*** Begin section ***
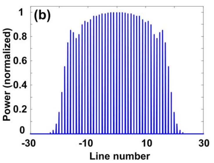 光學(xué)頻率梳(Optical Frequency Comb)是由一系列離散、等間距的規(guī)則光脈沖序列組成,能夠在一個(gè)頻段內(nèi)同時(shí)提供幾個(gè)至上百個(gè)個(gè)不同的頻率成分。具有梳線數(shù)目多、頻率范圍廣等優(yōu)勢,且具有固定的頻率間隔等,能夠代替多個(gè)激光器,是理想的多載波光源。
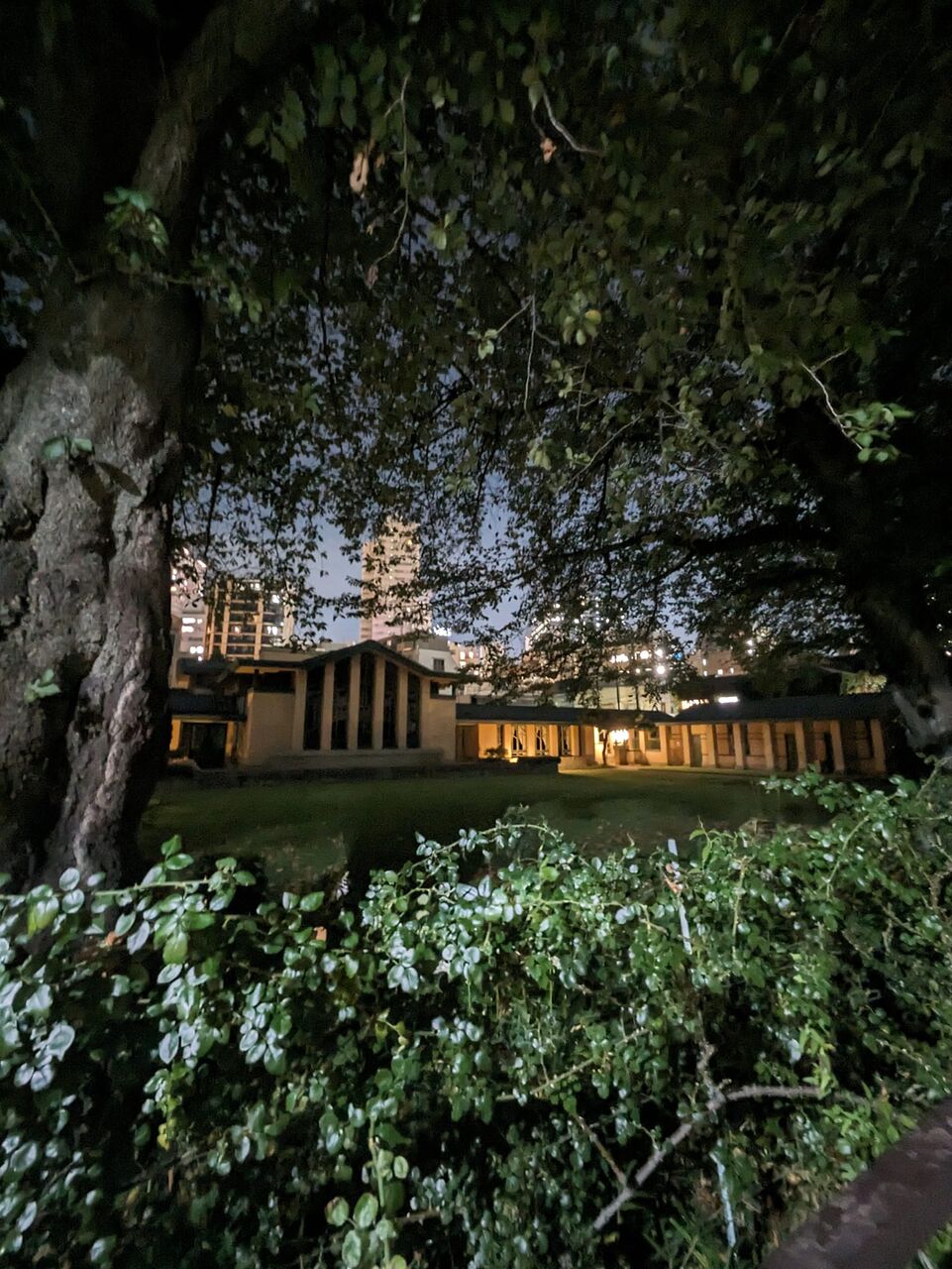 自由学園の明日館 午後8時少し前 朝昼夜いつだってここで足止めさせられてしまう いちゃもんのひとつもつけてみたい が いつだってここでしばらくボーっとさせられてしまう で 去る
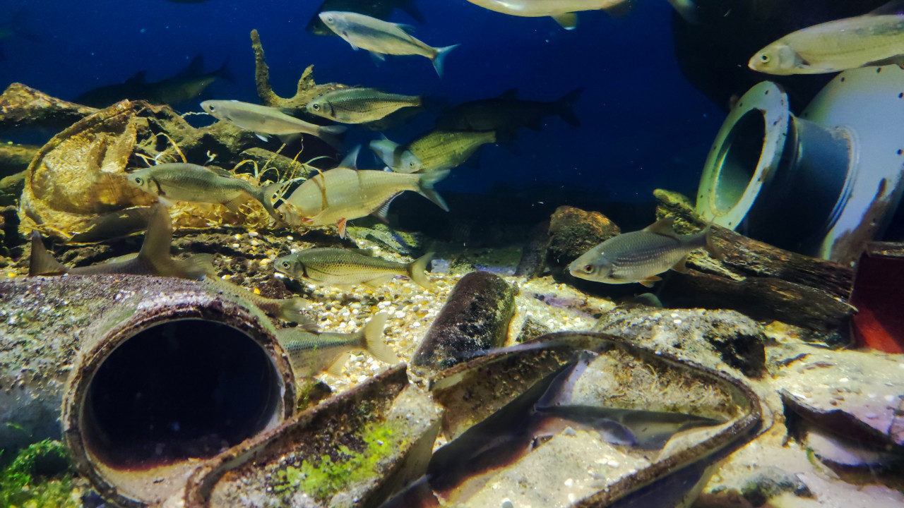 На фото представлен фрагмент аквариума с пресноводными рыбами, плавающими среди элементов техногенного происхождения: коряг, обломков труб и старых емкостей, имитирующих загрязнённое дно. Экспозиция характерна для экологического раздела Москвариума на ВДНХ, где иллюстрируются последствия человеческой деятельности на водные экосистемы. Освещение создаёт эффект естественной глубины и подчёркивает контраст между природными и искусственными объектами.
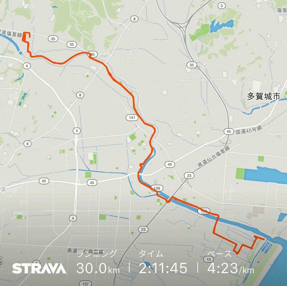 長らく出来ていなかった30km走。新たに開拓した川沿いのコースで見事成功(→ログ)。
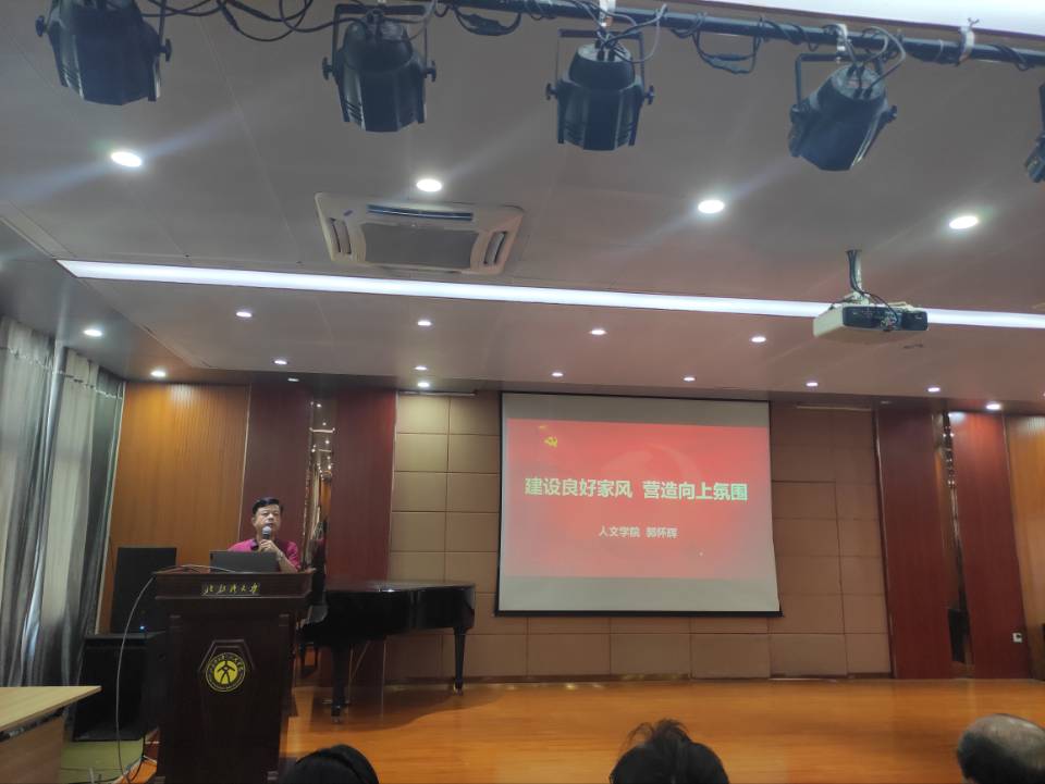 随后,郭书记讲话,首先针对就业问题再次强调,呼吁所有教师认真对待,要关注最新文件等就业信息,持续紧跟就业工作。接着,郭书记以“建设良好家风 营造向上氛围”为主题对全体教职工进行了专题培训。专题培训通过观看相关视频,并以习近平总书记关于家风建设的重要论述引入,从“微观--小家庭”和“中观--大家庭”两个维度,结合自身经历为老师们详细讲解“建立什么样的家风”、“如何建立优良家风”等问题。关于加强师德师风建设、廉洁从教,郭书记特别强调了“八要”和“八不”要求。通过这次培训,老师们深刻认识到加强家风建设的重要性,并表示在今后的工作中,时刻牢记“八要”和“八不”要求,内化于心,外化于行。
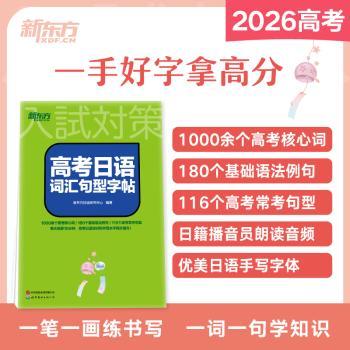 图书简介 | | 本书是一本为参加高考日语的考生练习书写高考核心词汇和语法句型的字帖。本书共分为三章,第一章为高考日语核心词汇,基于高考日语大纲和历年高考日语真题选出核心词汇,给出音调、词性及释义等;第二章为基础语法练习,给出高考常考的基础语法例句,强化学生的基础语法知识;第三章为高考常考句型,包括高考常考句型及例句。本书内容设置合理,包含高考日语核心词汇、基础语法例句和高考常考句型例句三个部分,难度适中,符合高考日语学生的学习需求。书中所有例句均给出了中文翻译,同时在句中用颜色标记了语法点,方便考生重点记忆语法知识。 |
*** End section ***
WHAT TO WORK ON: Give back the lines word for word, from the very first in the material above to the one that has "長らく出来ていなかった30k", both included, without the pictures.

ANSWER FOR THE TASK:
 光學(xué)頻率梳(Optical Frequency Comb)是由一系列離散、等間距的規(guī)則光脈沖序列組成,能夠在一個(gè)頻段內(nèi)同時(shí)提供幾個(gè)至上百個(gè)個(gè)不同的頻率成分。具有梳線數(shù)目多、頻率范圍廣等優(yōu)勢,且具有固定的頻率間隔等,能夠代替多個(gè)激光器,是理想的多載波光源。
 自由学園の明日館 午後8時少し前 朝昼夜いつだってここで足止めさせられてしまう いちゃもんのひとつもつけてみたい が いつだってここでしばらくボーっとさせられてしまう で 去る
 На фото представлен фрагмент аквариума с пресноводными рыбами, плавающими среди элементов техногенного происхождения: коряг, обломков труб и старых емкостей, имитирующих загрязнённое дно. Экспозиция характерна для экологического раздела Москвариума на ВДНХ, где иллюстрируются последствия человеческой деятельности на водные экосистемы. Освещение создаёт эффект естественной глубины и подчёркивает контраст между природными и искусственными объектами.
 長らく出来ていなかった30km走。新たに開拓した川沿いのコースで見事成功(→ログ)。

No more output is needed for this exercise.